• **WHAT YOU ARE ASKED TO DO**: If an entry holds a picture, leave the picture out and output everything else exactly.
-------
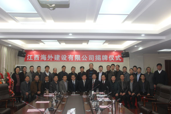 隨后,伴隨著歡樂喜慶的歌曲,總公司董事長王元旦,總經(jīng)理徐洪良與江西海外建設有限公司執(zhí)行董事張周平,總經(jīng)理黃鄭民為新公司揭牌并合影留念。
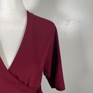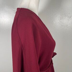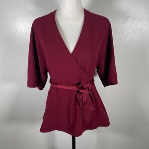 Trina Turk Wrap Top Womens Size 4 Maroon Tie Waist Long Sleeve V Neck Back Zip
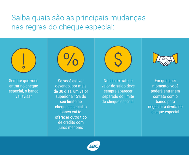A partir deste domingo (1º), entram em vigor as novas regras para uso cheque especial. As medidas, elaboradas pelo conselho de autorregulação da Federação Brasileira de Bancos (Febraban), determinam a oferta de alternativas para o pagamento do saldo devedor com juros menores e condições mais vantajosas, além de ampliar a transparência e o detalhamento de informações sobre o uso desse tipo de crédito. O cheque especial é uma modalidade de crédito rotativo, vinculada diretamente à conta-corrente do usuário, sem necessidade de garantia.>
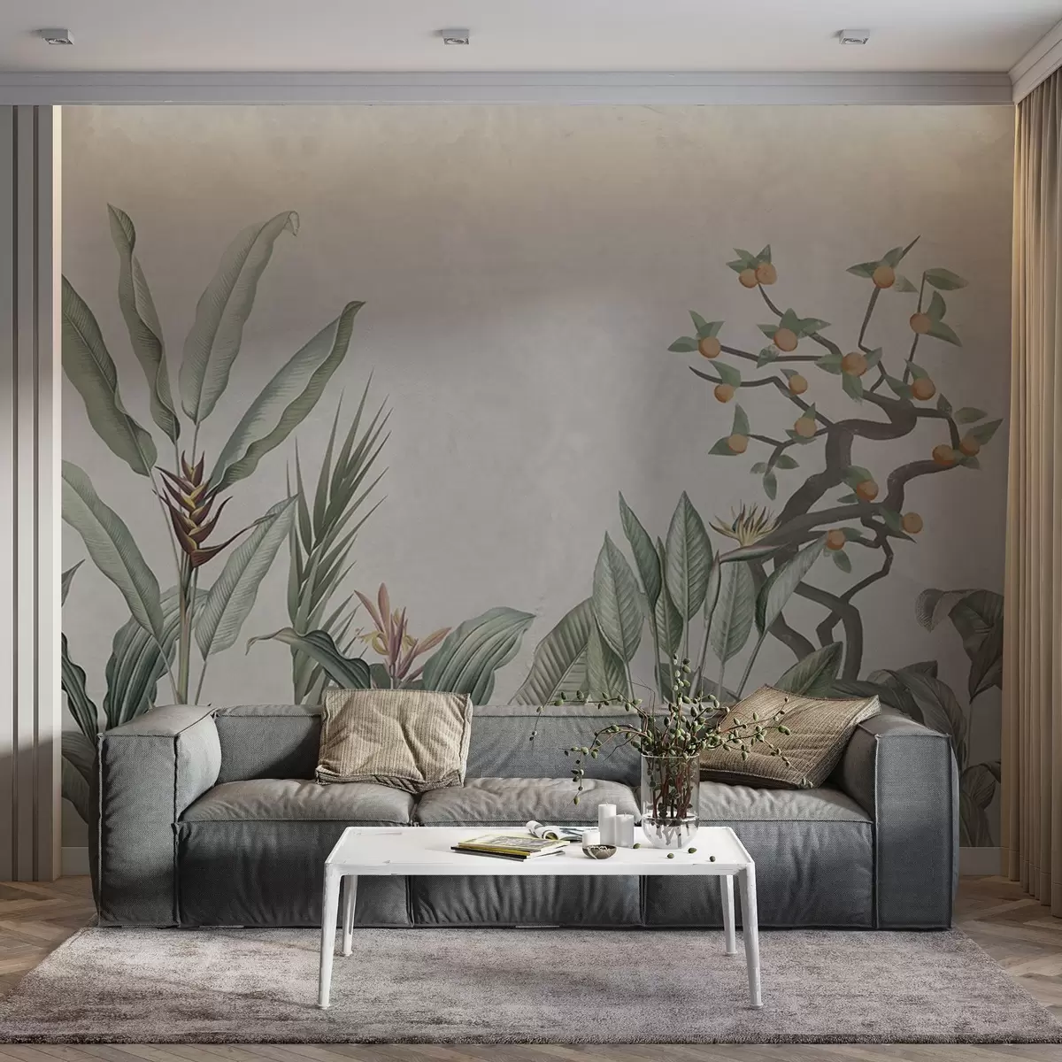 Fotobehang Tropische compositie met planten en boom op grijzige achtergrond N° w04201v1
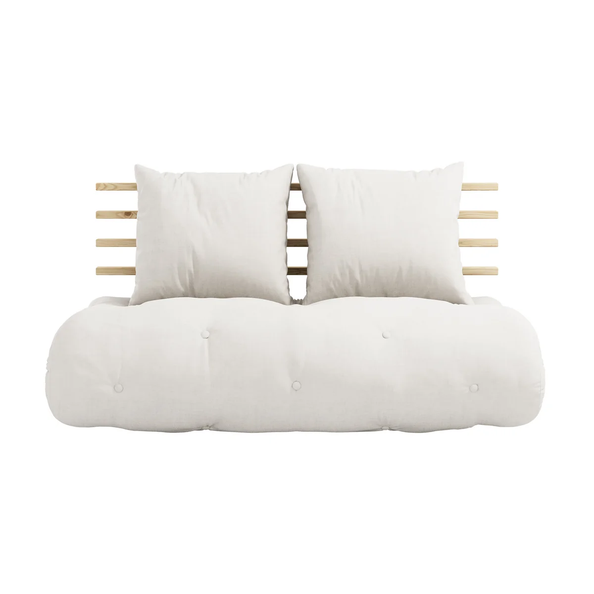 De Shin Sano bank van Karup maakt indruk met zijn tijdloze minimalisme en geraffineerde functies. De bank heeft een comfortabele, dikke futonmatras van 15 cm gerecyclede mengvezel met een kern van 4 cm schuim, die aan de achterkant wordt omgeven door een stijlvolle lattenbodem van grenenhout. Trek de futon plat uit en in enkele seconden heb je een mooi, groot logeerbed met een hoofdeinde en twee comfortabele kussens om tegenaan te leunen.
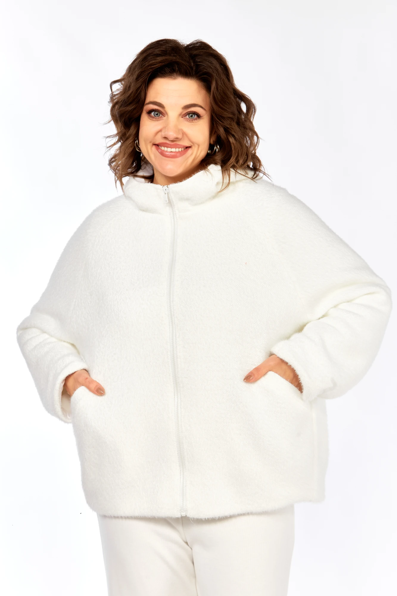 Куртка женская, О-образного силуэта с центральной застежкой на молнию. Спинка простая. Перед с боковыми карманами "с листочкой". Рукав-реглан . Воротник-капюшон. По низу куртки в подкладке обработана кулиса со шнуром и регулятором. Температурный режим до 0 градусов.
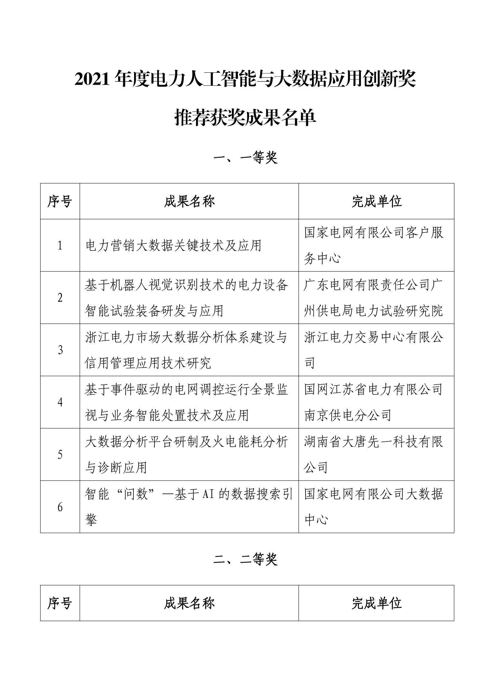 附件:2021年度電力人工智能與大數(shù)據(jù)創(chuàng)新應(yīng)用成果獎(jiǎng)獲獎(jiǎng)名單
-------
• **SOLUTION TO THIS PROBLEM**:
 隨后,伴隨著歡樂喜慶的歌曲,總公司董事長王元旦,總經(jīng)理徐洪良與江西海外建設有限公司執(zhí)行董事張周平,總經(jīng)理黃鄭民為新公司揭牌并合影留念。
 Trina Turk Wrap Top Womens Size 4 Maroon Tie Waist Long Sleeve V Neck Back Zip
A partir deste domingo (1º), entram em vigor as novas regras para uso cheque especial. As medidas, elaboradas pelo conselho de autorregulação da Federação Brasileira de Bancos (Febraban), determinam a oferta de alternativas para o pagamento do saldo devedor com juros menores e condições mais vantajosas, além de ampliar a transparência e o detalhamento de informações sobre o uso desse tipo de crédito. O cheque especial é uma modalidade de crédito rotativo, vinculada diretamente à conta-corrente do usuário, sem necessidade de garantia.>
 Fotobehang Tropische compositie met planten en boom op grijzige achtergrond N° w04201v1
 De Shin Sano bank van Karup maakt indruk met zijn tijdloze minimalisme en geraffineerde functies. De bank heeft een comfortabele, dikke futonmatras van 15 cm gerecyclede mengvezel met een kern van 4 cm schuim, die aan de achterkant wordt omgeven door een stijlvolle lattenbodem van grenenhout. Trek de futon plat uit en in enkele seconden heb je een mooi, groot logeerbed met een hoofdeinde en twee comfortabele kussens om tegenaan te leunen.
 Куртка женская, О-образного силуэта с центральной застежкой на молнию. Спинка простая. Перед с боковыми карманами "с листочкой". Рукав-реглан . Воротник-капюшон. По низу куртки в подкладке обработана кулиса со шнуром и регулятором. Температурный режим до 0 градусов.
 附件:2021年度電力人工智能與大數(shù)據(jù)創(chuàng)新應(yīng)用成果獎(jiǎng)獲獎(jiǎng)名單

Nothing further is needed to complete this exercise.